モニタリングしていて海の汚染の値は基準値以下であるということで、安倍首相は、"The situation is under control."と言っていた。
だが、これは一体何を言っているのか。
私にはよくわからなかった。
国会の”論戦”を聞いていると、これは海洋全体の話ではなく、いわば定点観測で、いくつかの海洋の地点において、基準値以下であると言っているのに過ぎないのではないか。そういう印象を持たざるをえなかったからだ。
国会に参考人として出席していた広瀬東電社長は、毎日800トンの水が山側から海側に流れているが、その半分の400トンが1号機から4号機の建屋(建物)に流れ、残りの400トンが海側に流れていると報告していた。また汚染水を貯めているタンクは、いわゆるフランジ型で漏れやすいことがわかっているが、41万トン分のタンクがある。そのうち、36万トンの汚染水が現在貯まっており、全部で80万トン分のタンクの体制にする予定だという。
安倍首相の、"under control"というコトバの使い方だが、私には根本的な疑問がある。
それは、そもそも、現在、人類は、原発自身を、アンダーコントロールにできる能力を持っているのかという疑問である。
「トイレなきマンション」と言われるように、高レベル廃棄物の最終処分は、いまだどうしてよいのかわからない状態だと聞いている。安全管理上、原発自身、安全管理できないという根本的な欠陥があるのが現実ではないのか。

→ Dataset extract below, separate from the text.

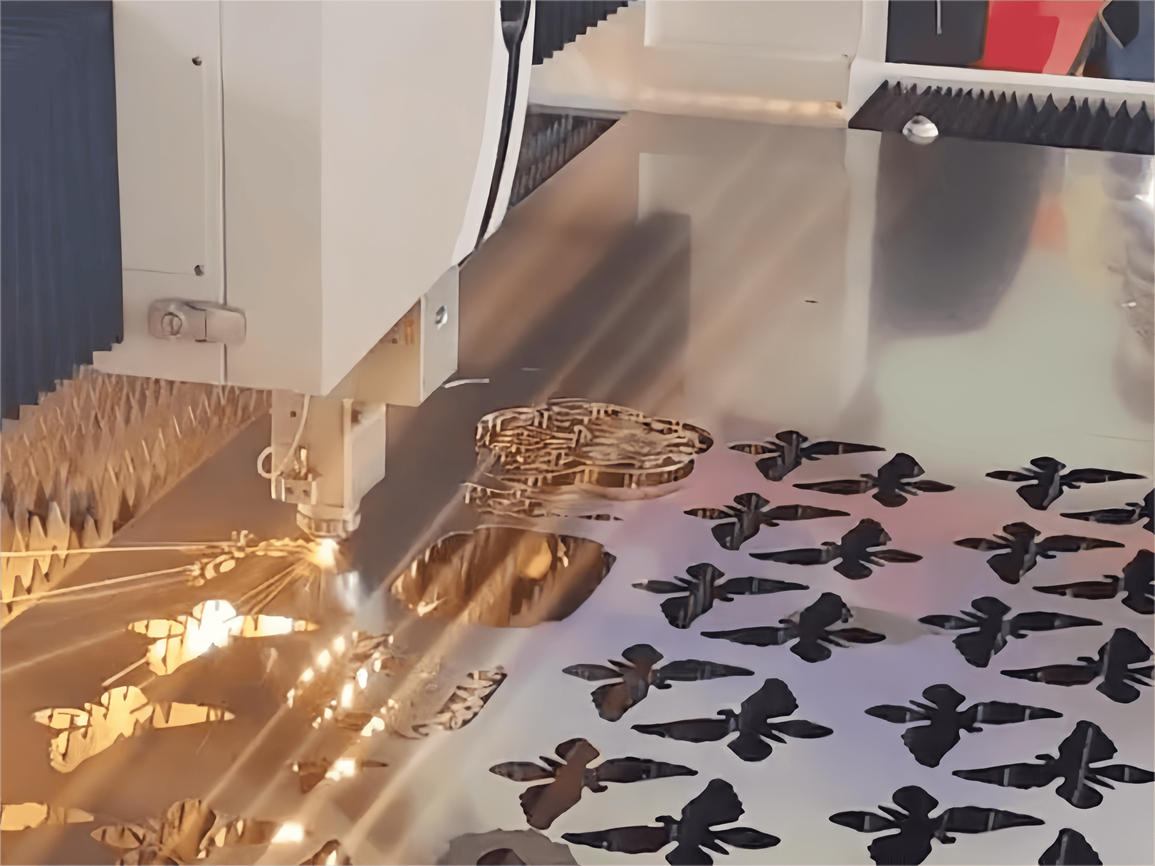 ການຕັດແຜ່ນແຜ່ນຂະຫນາດກາງແລະຫນາ:ສໍາລັບຈານທີ່ຫນາປານກາງ, ທັງສອງຈຸດສຸມໃນແງ່ບວກແລະຈຸດສຸມໃນແງ່ລົບສາມາດໃຊ້ໄດ້. ຈຸດບວກໃນທາງບວກຮຽກຮ້ອງໃຫ້ມີພະລັງງານເລເຊີທີ່ພຽງພໍແລະຄວາມກົດດັນຂອງອາຍແກັສຊ່ວຍ. ໃນເວລາທີ່ໃຊ້ຈຸດສຸມໃນແງ່ລົບ, ຈຸດສຸມແມ່ນປົກກະຕິຢູ່ໃນລະດັບ 1/3 ເຖິງ 1/2 ຂອງຄວາມຫນາຂອງແຜ່ນ, ໃຫ້ການຕັດທີ່ຫມັ້ນຄົງແລະຫຼຸດຜ່ອນຄວາມຫຍາບຄາຍຢູ່ເທິງຫນ້າຕັດ.

また、この事故の損害はどれくらいのものなのか。私には想像もつかない。
また、事故の対応も継続中であり、ひとたび地震や台風や豪雨が起こればどうなるのか。雨水で溢れ出すのであれば、コントロールさているなんて言えやしない。その対応は、これから何年も、何十年も、対応が必要になることは明らかであり、そのコストも、これまた想像もつかない。

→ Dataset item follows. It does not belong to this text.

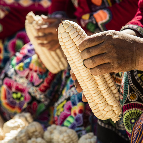 The culture around production of this type of corn has been linked to daily life in the Sacred Valley since early times. The variety grown is the Giant White Corn, a unique variety in the world due to its exceptional characteristics and size. Domesticated since Inca times, this corn has been adapted to the unique conditions of this valley in such way that it only grows here, beign awarded the Denomination of Origin (DO) badge in 2005 because of this.

2011年3月11日以降の福島第一原発事故の被害・損害、そして、現在も放射能物質で環境を汚し続けている現実。
そもそも、原発自身、そのものが管理できていない現状は明白ではないのか。
2011年3月11日、事故が起こって以来、2年半以上が経っているのに、収束していない現実をどう考えたらよいのだろうか。
前政権の野田首相が、原発事故についての収束宣言をおこなったことがあった。いまだ収束していないことは誰の目にも明白である。
現実を反映していない言葉は無力である。
私は、福島第一原発事故発生直後、自分の造語だが、"No control. No nukes."という言葉が浮かんだ。
人類は、いまだ原発を管理できる能力をもっていないと言わざるをえない。
さて、ことは管理能力だけの問題にとどまらない。
政府には、国民の命と健康を守る義務がある。
国民の命と健康を守れない政府は国民の力で正すしかない。
政府をコントロールするのは国民の力である。
これがノーコントロールでは困る。